Chaque procédure, aussi minime soit-elle, se transforme en une épreuve pénible à accomplir. L'exercice d'une autonomie productive demeure une entreprise impossible. L'édifice tout entier subsiste grâce à l'investissement d'une poignée d'individus. MKG se complaît dans l'utilisation de logiciels et de plateformes d'une inefficacité notoire en dehors des frontières de cette entité, étant le fruit de leur propre conception par un vétéran en voie de retraite. Ce dernier exprime ouvertement son mépris, sans que cela ne semble émouvoir la hiérarchie.
La structure hiérarchique se dessine avec un directeur dévoué à la marche harmonieuse de l'entreprise, tandis que certains gestionnaires, se dissimulant délibérément, œuvrent à son sabordage, générant des situations comiques pour ceux au fait des dessous de la réalité. Les salaires, dérisoires, et les perspectives d'avancement professionnel, figées, caractérisent le quotidien.
À titre d'exemple de reconnaissance, le départ d'un collaborateur après une décennie de service s'est soldé par l'octroi de briquettes de jus de fruit et de madeleines premier prix. L'atmosphère dans l'open space à deux étages se résume au son des touches de clavier, résonnant dans un silence prolongé et malaisé. Le taux de rotation du personnel atteint des sommets inégalés dans mon expérience professionnelle.

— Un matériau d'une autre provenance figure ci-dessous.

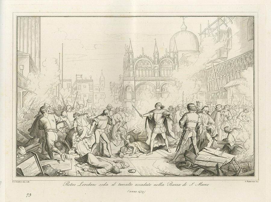 1863 - Storia Veneta espressa in centocinquanta tavole inventate e disegnate da Giuseppe Gatteri ...., incise da Antonio Viviani e dai migliori artisti veneziani, ed illustrate da Francesco Zanotto. Seconda Edizione. Venezia, Giuseppe Grimaldo tipografo e calcografo, tavv.: 36, 66, 68, 73, 74, 87, 95, 123, 124, 130, 134, 137, 142.
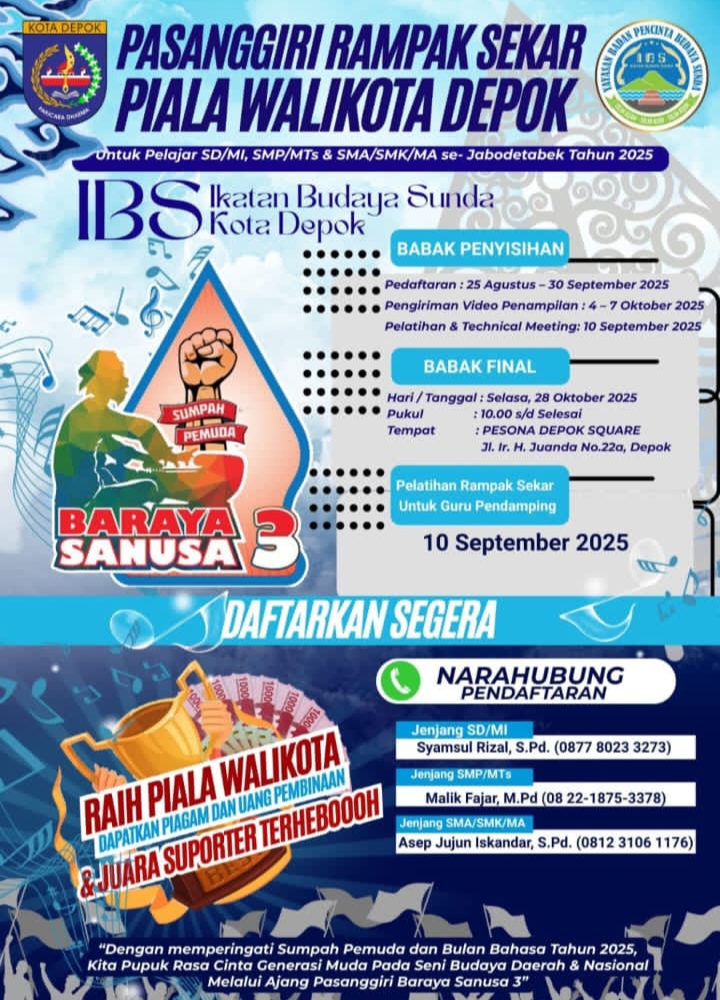 Depok|Sketsa-online.com – Gelaran Pasanggiri Rampak Sekar Piala Wali Kota Depok 2025 tak sekadar meriahkan panggung seni. Ajang budaya ini dinilai memiliki peran strategis dalam menumbuhkan kecintaan pelajar terhadap seni tradisi Sunda sekaligus memperkuat karakter generasi muda.
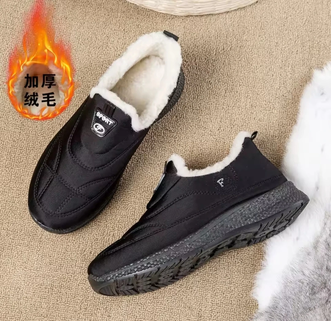 Cozy black slip-on shoes with a warm sherpa lining. They're perfect for keeping your feet toasty during colder months. The outer material is water-resistant nylon with a durable sole.

Lors des entretiens, l'orgueil de l'entreprise transparaît dans la célébration annuelle d'un événement auquel les collaborateurs ne sont même pas conviés, incarnant le summum du mépris professionnel et du manque d'éducation. De surcroît, les lois du travail sont ignorées, les comptables endossent le rôle des ressources humaines, laissant présager des conséquences délétères. Il semble que bientôt, la gestion de la communication pourrait être confiée à un plombier.
La satisfaction de la clientèle oscille dans les méandres de la tiédeur, leur liaison étant fragile, se résumant à quelques appels d'une nature conversationnelle teintée d'hypocrisie. Au fil des jours, les clients réapparaissent, animés par la colère ou l'incrédulité face à la qualité discutable du service.
Le management empêche toute perspective d'amélioration pour des raisons d'insécurité, d'immobilisme et d'ego.